• [What to work on]
Retype, word for word, every line of the records below starting at the one that contains "主要執(zhí)業(yè)機(jī)構(gòu):遵義韓美美容醫(yī)院" and ending at the one that contains "2025年6月3日,静宁县检察院干警就农业固体废物回收处理与果农在田间交流。"; include both of those lines and nothing more.

Stored items:
- - - - -

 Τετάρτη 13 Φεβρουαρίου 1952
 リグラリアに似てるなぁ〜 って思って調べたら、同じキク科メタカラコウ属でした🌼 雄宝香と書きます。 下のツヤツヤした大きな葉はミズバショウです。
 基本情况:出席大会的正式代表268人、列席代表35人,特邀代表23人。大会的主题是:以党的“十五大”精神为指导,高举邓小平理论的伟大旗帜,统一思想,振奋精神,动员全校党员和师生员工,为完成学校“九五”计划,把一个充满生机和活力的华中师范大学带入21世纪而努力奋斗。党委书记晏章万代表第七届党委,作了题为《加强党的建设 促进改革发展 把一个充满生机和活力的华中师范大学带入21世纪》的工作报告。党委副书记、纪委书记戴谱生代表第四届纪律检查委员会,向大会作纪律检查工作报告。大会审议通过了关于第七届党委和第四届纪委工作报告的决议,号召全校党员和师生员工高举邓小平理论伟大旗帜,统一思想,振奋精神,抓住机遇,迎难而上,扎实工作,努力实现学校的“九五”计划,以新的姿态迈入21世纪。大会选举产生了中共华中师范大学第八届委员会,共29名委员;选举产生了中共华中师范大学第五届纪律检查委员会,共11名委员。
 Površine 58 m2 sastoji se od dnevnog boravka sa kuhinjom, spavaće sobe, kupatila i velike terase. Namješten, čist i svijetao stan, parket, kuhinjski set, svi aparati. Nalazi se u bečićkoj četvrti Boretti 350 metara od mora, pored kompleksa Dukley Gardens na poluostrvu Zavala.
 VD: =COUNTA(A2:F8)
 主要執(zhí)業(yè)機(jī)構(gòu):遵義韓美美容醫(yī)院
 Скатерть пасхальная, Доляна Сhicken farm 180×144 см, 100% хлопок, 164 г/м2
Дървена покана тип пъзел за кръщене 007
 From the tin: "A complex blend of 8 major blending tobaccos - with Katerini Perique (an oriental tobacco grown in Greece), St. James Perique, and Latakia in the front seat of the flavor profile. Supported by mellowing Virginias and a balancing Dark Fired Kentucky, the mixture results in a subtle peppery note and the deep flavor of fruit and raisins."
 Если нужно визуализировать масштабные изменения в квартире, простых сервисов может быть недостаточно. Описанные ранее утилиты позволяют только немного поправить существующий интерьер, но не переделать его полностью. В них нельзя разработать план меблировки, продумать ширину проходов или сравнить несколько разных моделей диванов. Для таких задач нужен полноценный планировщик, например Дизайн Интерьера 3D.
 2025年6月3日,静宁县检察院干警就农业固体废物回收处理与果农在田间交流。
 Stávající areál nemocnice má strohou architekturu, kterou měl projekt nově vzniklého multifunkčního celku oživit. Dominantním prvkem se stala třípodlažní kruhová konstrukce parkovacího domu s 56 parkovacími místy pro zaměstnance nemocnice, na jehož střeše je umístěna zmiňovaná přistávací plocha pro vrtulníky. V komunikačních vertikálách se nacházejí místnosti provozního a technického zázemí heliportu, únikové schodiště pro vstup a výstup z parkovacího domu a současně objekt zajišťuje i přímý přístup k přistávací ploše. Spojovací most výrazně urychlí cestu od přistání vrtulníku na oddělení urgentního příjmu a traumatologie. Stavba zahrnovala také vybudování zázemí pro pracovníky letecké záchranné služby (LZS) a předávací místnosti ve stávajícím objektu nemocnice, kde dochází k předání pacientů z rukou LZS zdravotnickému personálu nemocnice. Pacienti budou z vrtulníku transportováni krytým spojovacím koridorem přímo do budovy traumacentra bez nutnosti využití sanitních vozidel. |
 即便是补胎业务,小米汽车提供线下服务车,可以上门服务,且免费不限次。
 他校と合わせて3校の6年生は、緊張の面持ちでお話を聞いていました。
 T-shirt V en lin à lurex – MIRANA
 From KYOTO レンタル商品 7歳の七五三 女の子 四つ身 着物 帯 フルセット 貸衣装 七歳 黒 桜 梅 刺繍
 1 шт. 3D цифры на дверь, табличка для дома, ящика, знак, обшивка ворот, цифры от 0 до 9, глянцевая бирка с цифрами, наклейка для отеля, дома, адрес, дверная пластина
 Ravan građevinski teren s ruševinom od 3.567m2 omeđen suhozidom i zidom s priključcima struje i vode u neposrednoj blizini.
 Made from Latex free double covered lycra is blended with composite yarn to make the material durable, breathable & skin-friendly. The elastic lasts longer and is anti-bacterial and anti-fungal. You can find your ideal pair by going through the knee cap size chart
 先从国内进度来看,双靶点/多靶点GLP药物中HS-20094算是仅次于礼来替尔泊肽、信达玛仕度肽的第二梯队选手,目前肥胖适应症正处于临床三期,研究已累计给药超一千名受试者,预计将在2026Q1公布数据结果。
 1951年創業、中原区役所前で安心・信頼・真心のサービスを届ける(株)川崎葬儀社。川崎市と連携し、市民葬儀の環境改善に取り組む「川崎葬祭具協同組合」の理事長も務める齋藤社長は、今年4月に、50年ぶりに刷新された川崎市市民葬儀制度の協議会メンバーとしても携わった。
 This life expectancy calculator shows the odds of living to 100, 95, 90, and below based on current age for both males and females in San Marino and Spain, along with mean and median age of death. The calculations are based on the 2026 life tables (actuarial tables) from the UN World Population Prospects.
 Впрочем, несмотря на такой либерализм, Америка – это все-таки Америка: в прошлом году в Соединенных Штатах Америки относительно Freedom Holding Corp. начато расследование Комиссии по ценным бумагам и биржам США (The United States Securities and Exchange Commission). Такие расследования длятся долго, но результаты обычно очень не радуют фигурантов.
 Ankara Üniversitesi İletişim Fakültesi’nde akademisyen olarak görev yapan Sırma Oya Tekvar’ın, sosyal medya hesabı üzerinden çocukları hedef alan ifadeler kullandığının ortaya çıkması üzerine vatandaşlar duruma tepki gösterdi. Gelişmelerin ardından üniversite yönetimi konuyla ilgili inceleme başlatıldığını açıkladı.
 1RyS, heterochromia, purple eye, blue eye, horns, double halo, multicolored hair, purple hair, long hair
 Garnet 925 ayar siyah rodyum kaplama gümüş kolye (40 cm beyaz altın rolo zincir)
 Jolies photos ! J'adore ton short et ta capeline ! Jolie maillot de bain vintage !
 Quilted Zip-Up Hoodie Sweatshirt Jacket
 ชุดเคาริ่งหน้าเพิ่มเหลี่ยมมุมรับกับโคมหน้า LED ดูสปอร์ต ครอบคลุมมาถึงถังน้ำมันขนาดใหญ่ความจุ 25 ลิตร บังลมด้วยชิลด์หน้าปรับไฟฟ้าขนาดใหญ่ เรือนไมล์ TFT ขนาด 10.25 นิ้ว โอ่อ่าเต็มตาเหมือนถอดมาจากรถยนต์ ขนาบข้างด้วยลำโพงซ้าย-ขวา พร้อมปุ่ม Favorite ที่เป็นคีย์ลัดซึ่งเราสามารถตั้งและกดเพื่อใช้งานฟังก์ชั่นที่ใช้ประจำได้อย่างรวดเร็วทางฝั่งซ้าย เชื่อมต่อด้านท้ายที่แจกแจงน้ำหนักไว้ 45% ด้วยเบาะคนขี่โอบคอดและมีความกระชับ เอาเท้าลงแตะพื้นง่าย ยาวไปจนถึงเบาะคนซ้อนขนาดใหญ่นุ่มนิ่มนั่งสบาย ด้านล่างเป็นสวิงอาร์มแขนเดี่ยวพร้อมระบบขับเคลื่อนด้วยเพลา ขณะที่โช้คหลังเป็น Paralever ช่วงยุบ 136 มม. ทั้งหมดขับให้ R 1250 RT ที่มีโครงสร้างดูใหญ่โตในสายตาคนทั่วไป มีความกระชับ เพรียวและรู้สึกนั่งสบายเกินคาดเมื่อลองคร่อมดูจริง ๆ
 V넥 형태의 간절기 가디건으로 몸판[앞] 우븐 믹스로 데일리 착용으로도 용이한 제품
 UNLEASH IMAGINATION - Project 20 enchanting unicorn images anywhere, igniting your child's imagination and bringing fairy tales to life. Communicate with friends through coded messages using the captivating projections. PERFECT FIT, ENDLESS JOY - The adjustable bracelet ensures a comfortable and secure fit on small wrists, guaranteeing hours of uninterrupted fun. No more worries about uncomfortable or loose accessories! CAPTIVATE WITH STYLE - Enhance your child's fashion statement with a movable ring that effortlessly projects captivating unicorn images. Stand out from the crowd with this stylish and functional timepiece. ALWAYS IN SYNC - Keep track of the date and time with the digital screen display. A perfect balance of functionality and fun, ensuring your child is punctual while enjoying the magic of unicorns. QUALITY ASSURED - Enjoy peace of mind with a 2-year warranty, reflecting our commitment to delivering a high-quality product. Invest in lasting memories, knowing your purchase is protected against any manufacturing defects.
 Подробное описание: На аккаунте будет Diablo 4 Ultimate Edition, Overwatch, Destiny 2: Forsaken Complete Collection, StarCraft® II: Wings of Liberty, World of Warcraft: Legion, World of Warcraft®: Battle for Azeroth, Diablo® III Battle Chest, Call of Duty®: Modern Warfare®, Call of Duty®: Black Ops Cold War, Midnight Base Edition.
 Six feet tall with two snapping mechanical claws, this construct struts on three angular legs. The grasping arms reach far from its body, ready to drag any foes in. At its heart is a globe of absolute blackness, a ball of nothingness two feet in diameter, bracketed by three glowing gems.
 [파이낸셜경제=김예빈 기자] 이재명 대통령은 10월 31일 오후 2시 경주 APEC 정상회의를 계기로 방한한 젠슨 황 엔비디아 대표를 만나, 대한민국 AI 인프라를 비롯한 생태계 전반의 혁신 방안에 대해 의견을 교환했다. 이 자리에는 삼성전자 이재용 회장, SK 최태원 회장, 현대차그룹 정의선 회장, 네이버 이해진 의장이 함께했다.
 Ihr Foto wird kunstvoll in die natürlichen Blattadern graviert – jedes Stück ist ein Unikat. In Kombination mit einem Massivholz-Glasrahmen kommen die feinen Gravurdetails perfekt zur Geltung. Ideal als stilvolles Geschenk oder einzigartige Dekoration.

- - - - -

• [Written answer]
 主要執(zhí)業(yè)機(jī)構(gòu):遵義韓美美容醫(yī)院
 Скатерть пасхальная, Доляна Сhicken farm 180×144 см, 100% хлопок, 164 г/м2
Дървена покана тип пъзел за кръщене 007
 From the tin: "A complex blend of 8 major blending tobaccos - with Katerini Perique (an oriental tobacco grown in Greece), St. James Perique, and Latakia in the front seat of the flavor profile. Supported by mellowing Virginias and a balancing Dark Fired Kentucky, the mixture results in a subtle peppery note and the deep flavor of fruit and raisins."
 Если нужно визуализировать масштабные изменения в квартире, простых сервисов может быть недостаточно. Описанные ранее утилиты позволяют только немного поправить существующий интерьер, но не переделать его полностью. В них нельзя разработать план меблировки, продумать ширину проходов или сравнить несколько разных моделей диванов. Для таких задач нужен полноценный планировщик, например Дизайн Интерьера 3D.
 2025年6月3日,静宁县检察院干警就农业固体废物回收处理与果农在田间交流。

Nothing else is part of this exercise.